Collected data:

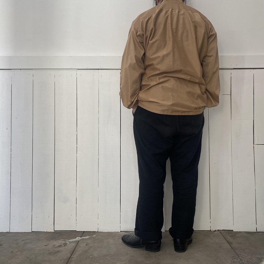 モチーフとしたのは古いドイツのサックシャツで、単純な形状を組み合わせたサックシャツの合理的構造はいかにもドイツらしく、そして今となっては明確にシャツとブルゾンの垣根を超越する存在でした。
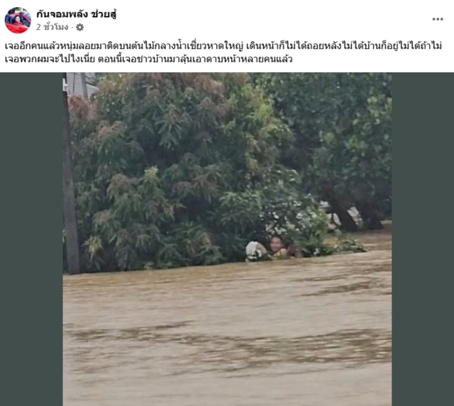 ขณะที่เพจ “กัน จอมพลังช่วยสู้” โพสต์ข้อความพร้อมกับภาพผู้ประสบภัยลอยคอเกาะกับต้นไม้ พร้อมระบุข้อความว่า “เจออีกคนแล้วหนุ่มลอยมาติดบนต้นไม้กลางน้ำเชี่ยวหาดใหญ่ เดินหน้าก็ไม่ได้ถอยหลังไม่ได้บ้านก็อยู่ไม่ได้ถ้าไม่เจอพวกผมจะไปไงเนี่ย ตอนนี้เจอชาวบ้านมาลุ้นเอาดาบหน้าหลายคนแล้ว”
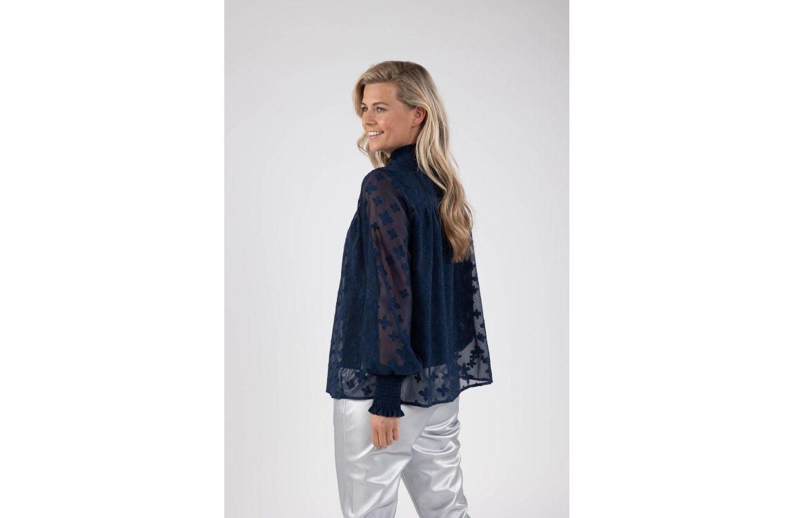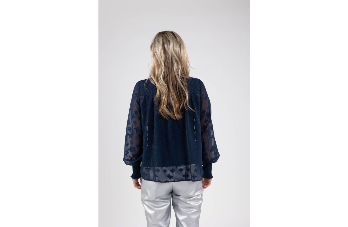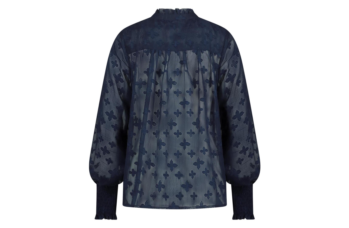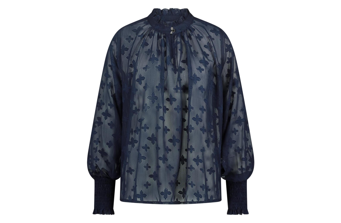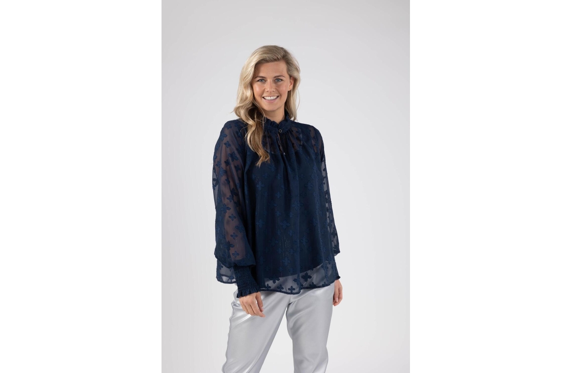Nukus blouse Marbella Flower FW240467. Dit rechtvallend model heeft een ronde hals met ruches en lange mouwen. Deze donkerblauwe blouse van Nukus heeft een all-over bloemenprint en is semi-transparant uitgevoerd. Dit model sluit bij de hals door middel van een decoratieve knoop en beschikt over elastiek op de polsen.
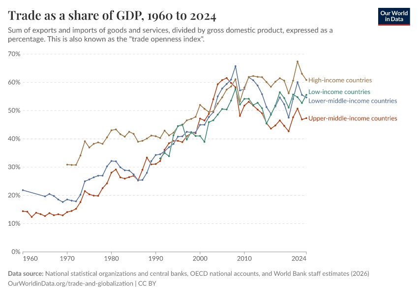 National statistical organizations and central banks, OECD national accounts, and World Bank staff estimates (2026) – processed by Our World in Data. “Trade as a share of GDP” [dataset]. National statistical organizations and central banks, OECD national accounts, and World Bank staff estimates, “World Development Indicators 125” [original data]. Retrieved February 27, 2026 from https://tag-updates.owid.pages.dev:8789/20260225-205642/grapher/trade-as-share-of-gdp.html (archived on February 25, 2026).
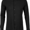 Pánská košile s dlouhým rukávem, italský límec s jedním knoflíkem, zaoblené manžety nastavitelné pomocí 2 knoflíků, 7 knoflíků tón v tónu, velmi jemný materiál s mírným leskem, štítek tearaway, neutrální velikostní štítek, pratelné na 30°, nelze sušit v sušičce
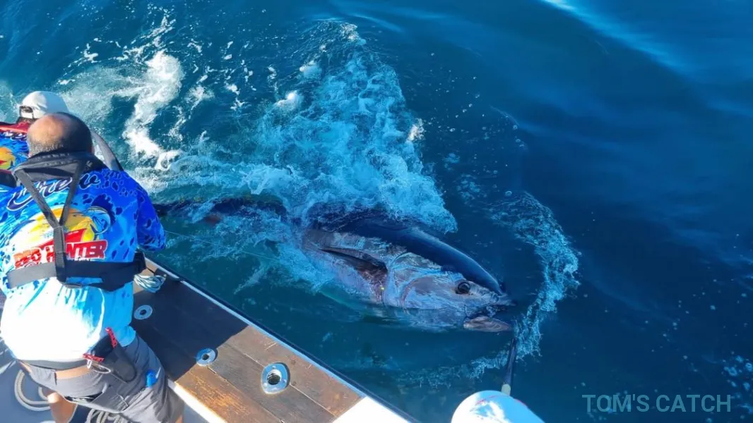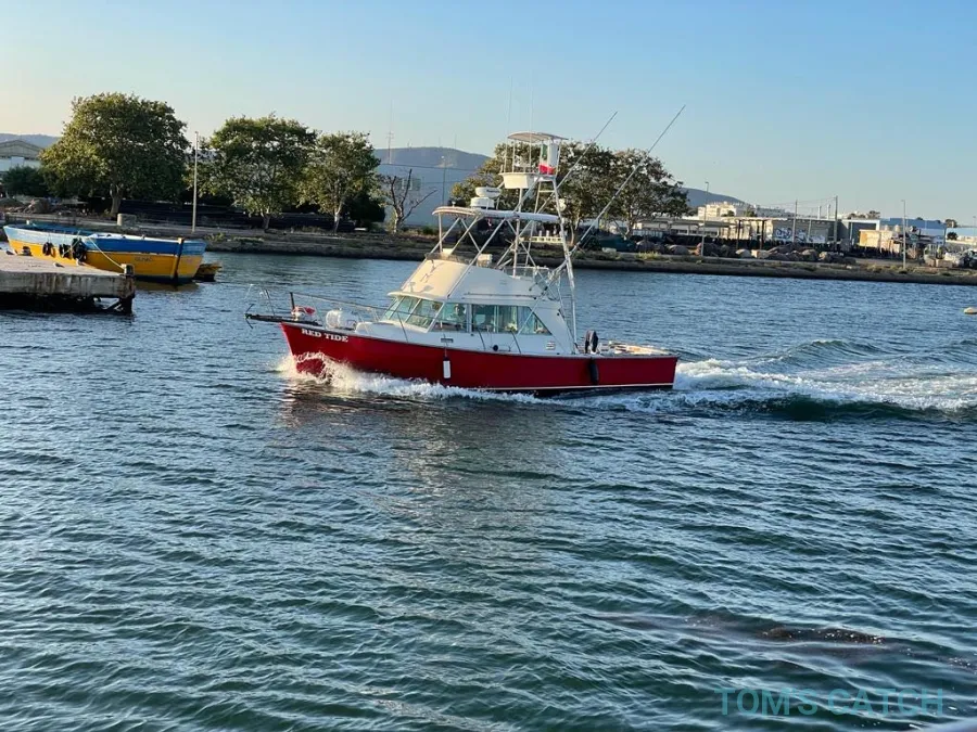 The captain fishes from a 35’ Henriques Maine Coaster named the Red Tide that can take up to 6 guests. The boat was fully restored in 2020 and it runs on twin 240 HP Cummins engines. It features Raymarine and Lowrance navigation technology and safety gear (including adult and kid-size life jackets). The boat also comes with a toilet for your comfort and all the equipment that helps Skipper Claudio make your fishing experience the best possible – including a fighting chair, outriggers, a live bait tank, and an ice-box.

**Task description**
Could you reproduce exactly, and only, the lines from the start of the records through the line containing "Nukus blouse Marbella", leaving out the pictures?

**Written reply**
 モチーフとしたのは古いドイツのサックシャツで、単純な形状を組み合わせたサックシャツの合理的構造はいかにもドイツらしく、そして今となっては明確にシャツとブルゾンの垣根を超越する存在でした。
 ขณะที่เพจ “กัน จอมพลังช่วยสู้” โพสต์ข้อความพร้อมกับภาพผู้ประสบภัยลอยคอเกาะกับต้นไม้ พร้อมระบุข้อความว่า “เจออีกคนแล้วหนุ่มลอยมาติดบนต้นไม้กลางน้ำเชี่ยวหาดใหญ่ เดินหน้าก็ไม่ได้ถอยหลังไม่ได้บ้านก็อยู่ไม่ได้ถ้าไม่เจอพวกผมจะไปไงเนี่ย ตอนนี้เจอชาวบ้านมาลุ้นเอาดาบหน้าหลายคนแล้ว”
Nukus blouse Marbella Flower FW240467. Dit rechtvallend model heeft een ronde hals met ruches en lange mouwen. Deze donkerblauwe blouse van Nukus heeft een all-over bloemenprint en is semi-transparant uitgevoerd. Dit model sluit bij de hals door middel van een decoratieve knoop en beschikt over elastiek op de polsen.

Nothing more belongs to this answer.